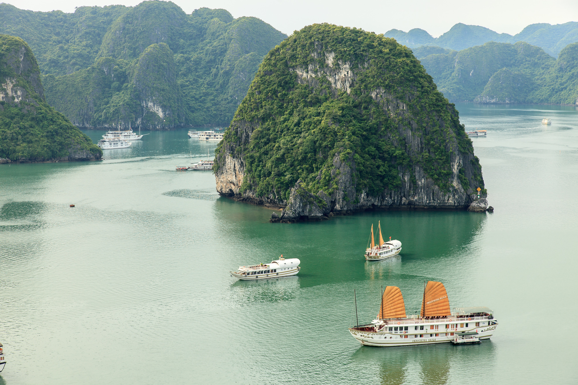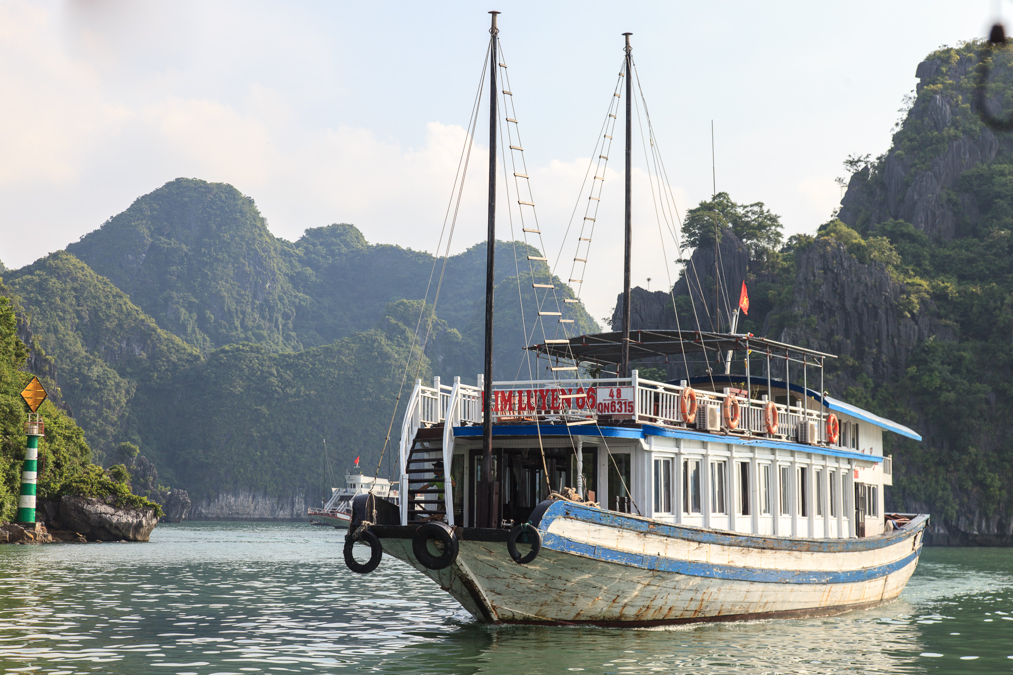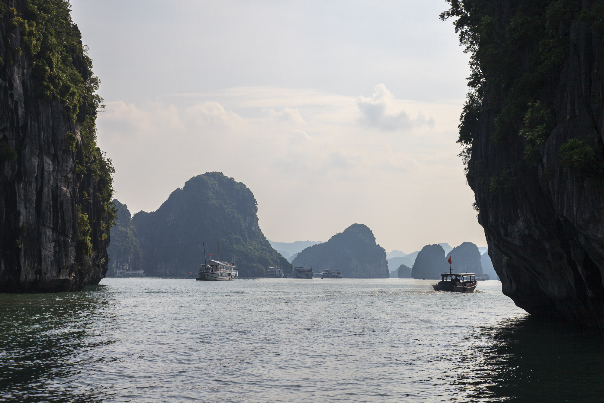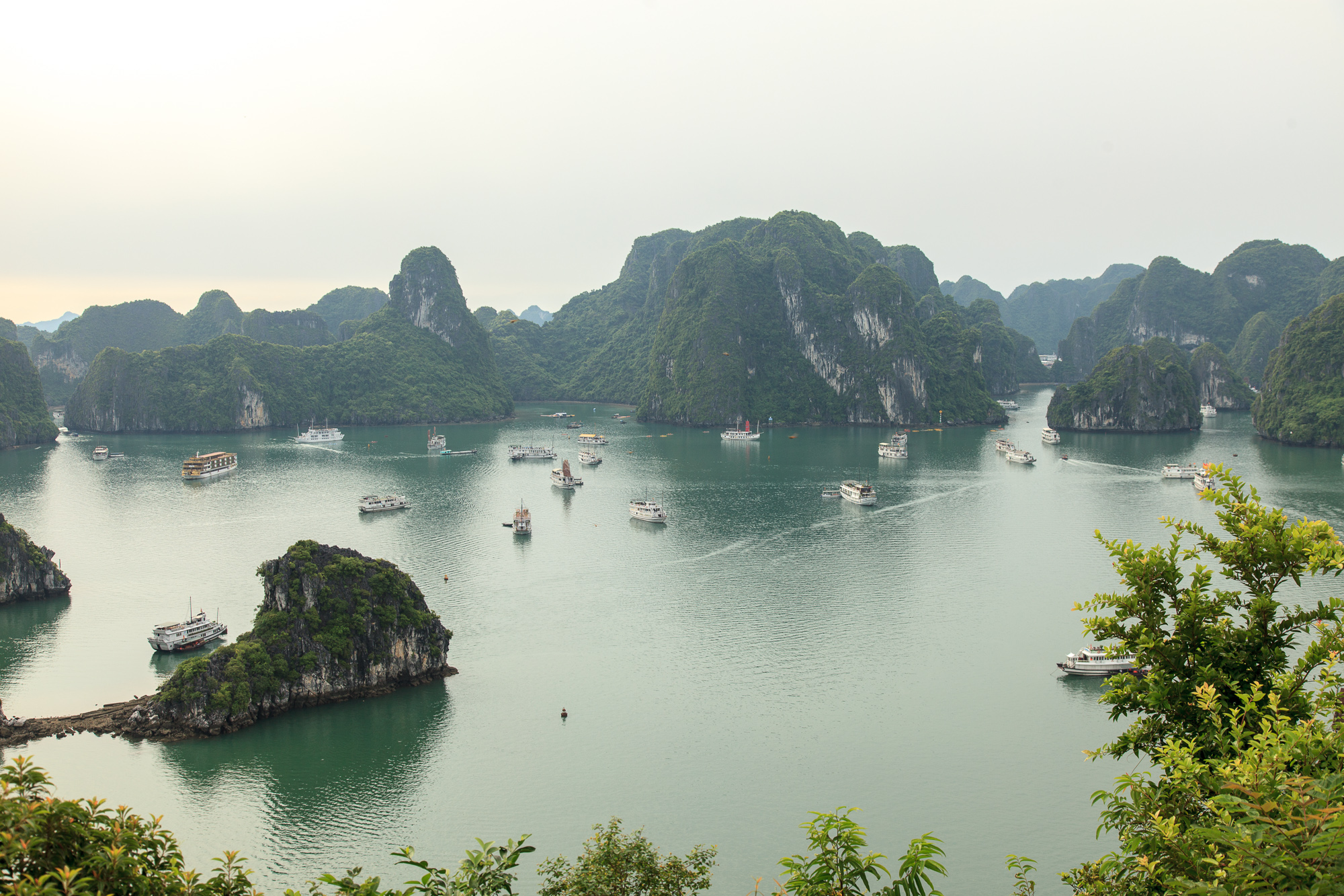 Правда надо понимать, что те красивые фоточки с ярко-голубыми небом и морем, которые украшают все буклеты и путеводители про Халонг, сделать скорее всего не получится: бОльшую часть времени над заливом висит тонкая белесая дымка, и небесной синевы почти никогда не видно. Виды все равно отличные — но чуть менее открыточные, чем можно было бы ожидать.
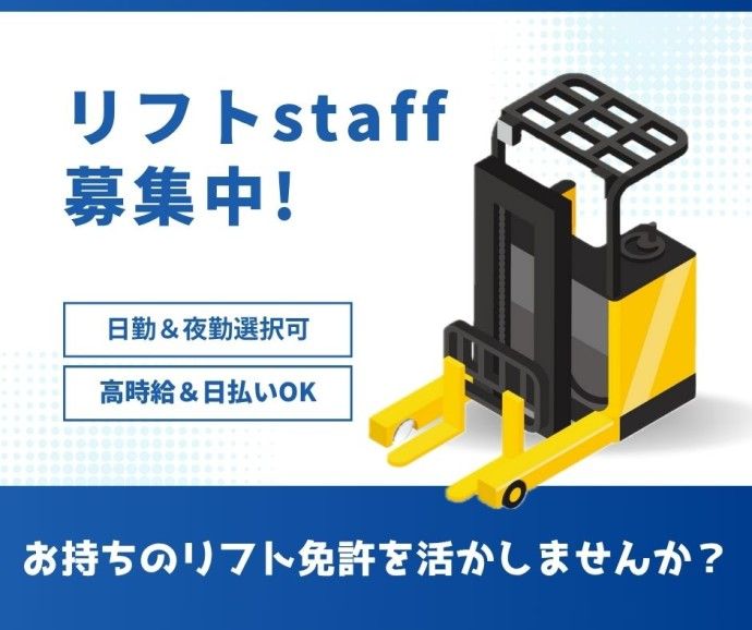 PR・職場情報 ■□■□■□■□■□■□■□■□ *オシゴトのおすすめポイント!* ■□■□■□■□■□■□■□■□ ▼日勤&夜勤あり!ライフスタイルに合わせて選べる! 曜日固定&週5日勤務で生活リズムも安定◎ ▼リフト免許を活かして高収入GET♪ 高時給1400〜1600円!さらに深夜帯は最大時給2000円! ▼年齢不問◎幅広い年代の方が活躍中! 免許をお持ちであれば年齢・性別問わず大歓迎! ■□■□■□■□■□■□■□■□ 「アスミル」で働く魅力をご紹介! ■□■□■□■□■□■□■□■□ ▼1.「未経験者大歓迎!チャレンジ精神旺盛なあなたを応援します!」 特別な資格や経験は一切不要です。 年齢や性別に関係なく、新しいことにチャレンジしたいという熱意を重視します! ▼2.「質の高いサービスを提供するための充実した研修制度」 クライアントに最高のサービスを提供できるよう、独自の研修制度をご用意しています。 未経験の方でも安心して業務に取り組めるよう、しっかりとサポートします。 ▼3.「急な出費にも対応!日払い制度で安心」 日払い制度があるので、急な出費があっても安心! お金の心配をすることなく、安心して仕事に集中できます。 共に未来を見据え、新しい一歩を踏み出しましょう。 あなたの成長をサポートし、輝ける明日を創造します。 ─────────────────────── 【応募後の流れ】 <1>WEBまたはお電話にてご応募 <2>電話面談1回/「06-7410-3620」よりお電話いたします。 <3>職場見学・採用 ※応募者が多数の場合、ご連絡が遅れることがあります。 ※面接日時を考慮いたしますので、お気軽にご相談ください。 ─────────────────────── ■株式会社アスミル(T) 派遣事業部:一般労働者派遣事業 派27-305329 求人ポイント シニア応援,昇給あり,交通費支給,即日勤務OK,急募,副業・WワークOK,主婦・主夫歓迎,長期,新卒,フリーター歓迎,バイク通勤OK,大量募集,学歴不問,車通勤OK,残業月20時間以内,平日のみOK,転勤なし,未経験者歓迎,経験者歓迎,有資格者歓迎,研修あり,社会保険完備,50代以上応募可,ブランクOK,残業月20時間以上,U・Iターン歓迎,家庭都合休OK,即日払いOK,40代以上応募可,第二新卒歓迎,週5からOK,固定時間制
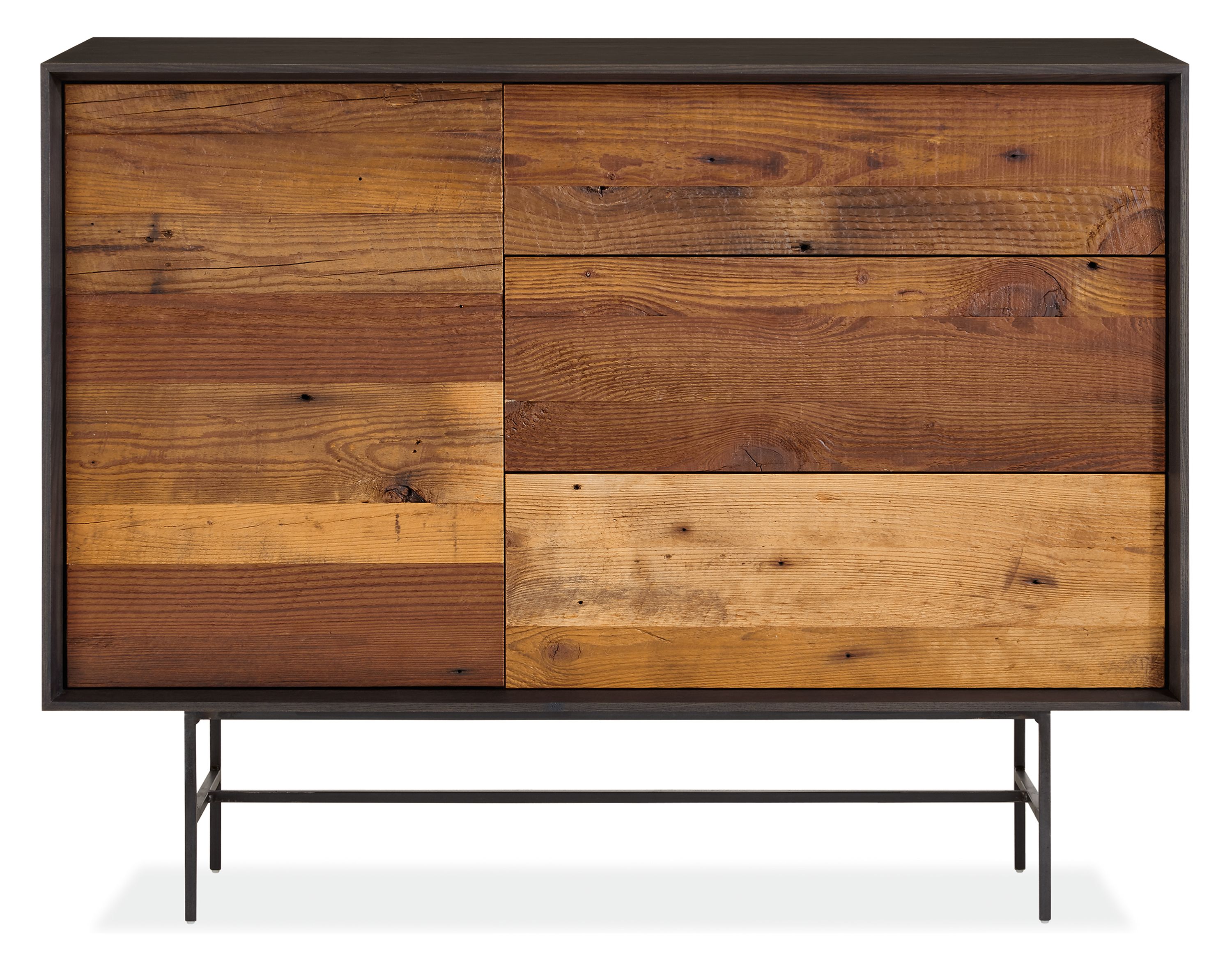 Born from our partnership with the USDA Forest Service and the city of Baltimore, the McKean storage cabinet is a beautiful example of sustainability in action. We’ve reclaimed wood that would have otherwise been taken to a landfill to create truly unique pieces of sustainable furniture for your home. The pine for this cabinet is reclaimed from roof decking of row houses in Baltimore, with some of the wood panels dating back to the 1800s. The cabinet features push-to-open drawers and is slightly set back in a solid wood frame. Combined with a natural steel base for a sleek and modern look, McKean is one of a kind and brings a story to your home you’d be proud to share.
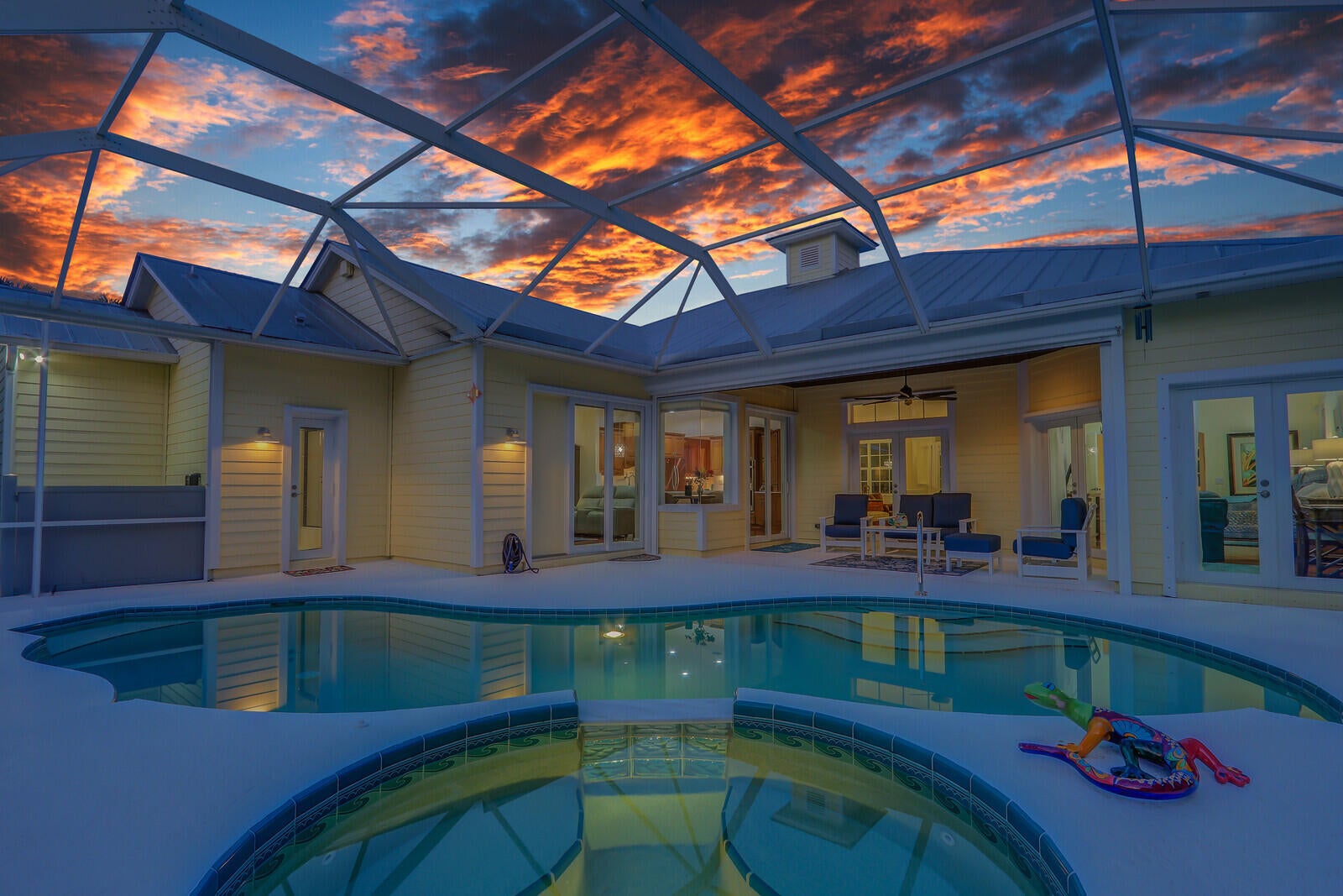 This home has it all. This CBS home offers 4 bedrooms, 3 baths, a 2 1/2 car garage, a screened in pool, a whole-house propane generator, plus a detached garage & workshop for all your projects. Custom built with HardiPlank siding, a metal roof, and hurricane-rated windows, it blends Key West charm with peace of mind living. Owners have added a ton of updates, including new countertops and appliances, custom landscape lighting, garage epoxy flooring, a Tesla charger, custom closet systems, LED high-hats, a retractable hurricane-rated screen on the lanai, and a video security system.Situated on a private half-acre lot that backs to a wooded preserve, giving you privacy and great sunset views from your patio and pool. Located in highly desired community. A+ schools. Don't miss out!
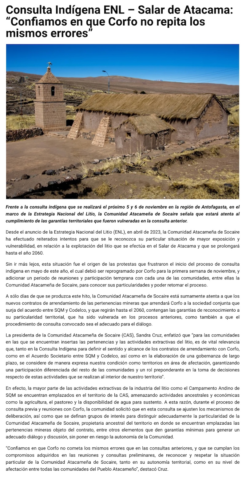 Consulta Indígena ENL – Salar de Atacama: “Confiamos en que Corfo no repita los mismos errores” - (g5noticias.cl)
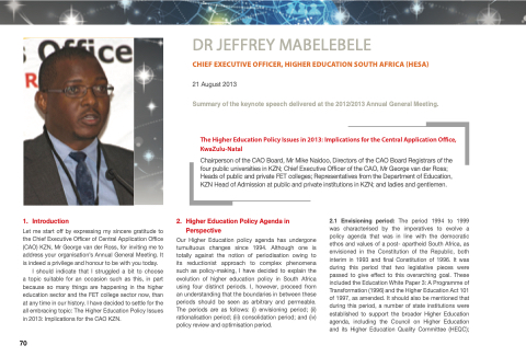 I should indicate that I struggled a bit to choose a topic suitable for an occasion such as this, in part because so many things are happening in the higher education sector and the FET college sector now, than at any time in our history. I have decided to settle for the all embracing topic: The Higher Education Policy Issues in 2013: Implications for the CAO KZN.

..........

Goal of the exercise: Repeat the data in full and exactly. Omit pictures.

Result:
 Правда надо понимать, что те красивые фоточки с ярко-голубыми небом и морем, которые украшают все буклеты и путеводители про Халонг, сделать скорее всего не получится: бОльшую часть времени над заливом висит тонкая белесая дымка, и небесной синевы почти никогда не видно. Виды все равно отличные — но чуть менее открыточные, чем можно было бы ожидать.
 PR・職場情報 ■□■□■□■□■□■□■□■□ *オシゴトのおすすめポイント!* ■□■□■□■□■□■□■□■□ ▼日勤&夜勤あり!ライフスタイルに合わせて選べる! 曜日固定&週5日勤務で生活リズムも安定◎ ▼リフト免許を活かして高収入GET♪ 高時給1400〜1600円!さらに深夜帯は最大時給2000円! ▼年齢不問◎幅広い年代の方が活躍中! 免許をお持ちであれば年齢・性別問わず大歓迎! ■□■□■□■□■□■□■□■□ 「アスミル」で働く魅力をご紹介! ■□■□■□■□■□■□■□■□ ▼1.「未経験者大歓迎!チャレンジ精神旺盛なあなたを応援します!」 特別な資格や経験は一切不要です。 年齢や性別に関係なく、新しいことにチャレンジしたいという熱意を重視します! ▼2.「質の高いサービスを提供するための充実した研修制度」 クライアントに最高のサービスを提供できるよう、独自の研修制度をご用意しています。 未経験の方でも安心して業務に取り組めるよう、しっかりとサポートします。 ▼3.「急な出費にも対応!日払い制度で安心」 日払い制度があるので、急な出費があっても安心! お金の心配をすることなく、安心して仕事に集中できます。 共に未来を見据え、新しい一歩を踏み出しましょう。 あなたの成長をサポートし、輝ける明日を創造します。 ─────────────────────── 【応募後の流れ】 <1>WEBまたはお電話にてご応募 <2>電話面談1回/「06-7410-3620」よりお電話いたします。 <3>職場見学・採用 ※応募者が多数の場合、ご連絡が遅れることがあります。 ※面接日時を考慮いたしますので、お気軽にご相談ください。 ─────────────────────── ■株式会社アスミル(T) 派遣事業部:一般労働者派遣事業 派27-305329 求人ポイント シニア応援,昇給あり,交通費支給,即日勤務OK,急募,副業・WワークOK,主婦・主夫歓迎,長期,新卒,フリーター歓迎,バイク通勤OK,大量募集,学歴不問,車通勤OK,残業月20時間以内,平日のみOK,転勤なし,未経験者歓迎,経験者歓迎,有資格者歓迎,研修あり,社会保険完備,50代以上応募可,ブランクOK,残業月20時間以上,U・Iターン歓迎,家庭都合休OK,即日払いOK,40代以上応募可,第二新卒歓迎,週5からOK,固定時間制
 Born from our partnership with the USDA Forest Service and the city of Baltimore, the McKean storage cabinet is a beautiful example of sustainability in action. We’ve reclaimed wood that would have otherwise been taken to a landfill to create truly unique pieces of sustainable furniture for your home. The pine for this cabinet is reclaimed from roof decking of row houses in Baltimore, with some of the wood panels dating back to the 1800s. The cabinet features push-to-open drawers and is slightly set back in a solid wood frame. Combined with a natural steel base for a sleek and modern look, McKean is one of a kind and brings a story to your home you’d be proud to share.
 This home has it all. This CBS home offers 4 bedrooms, 3 baths, a 2 1/2 car garage, a screened in pool, a whole-house propane generator, plus a detached garage & workshop for all your projects. Custom built with HardiPlank siding, a metal roof, and hurricane-rated windows, it blends Key West charm with peace of mind living. Owners have added a ton of updates, including new countertops and appliances, custom landscape lighting, garage epoxy flooring, a Tesla charger, custom closet systems, LED high-hats, a retractable hurricane-rated screen on the lanai, and a video security system.Situated on a private half-acre lot that backs to a wooded preserve, giving you privacy and great sunset views from your patio and pool. Located in highly desired community. A+ schools. Don't miss out!
 Consulta Indígena ENL – Salar de Atacama: “Confiamos en que Corfo no repita los mismos errores” - (g5noticias.cl)
 I should indicate that I struggled a bit to choose a topic suitable for an occasion such as this, in part because so many things are happening in the higher education sector and the FET college sector now, than at any time in our history. I have decided to settle for the all embracing topic: The Higher Education Policy Issues in 2013: Implications for the CAO KZN.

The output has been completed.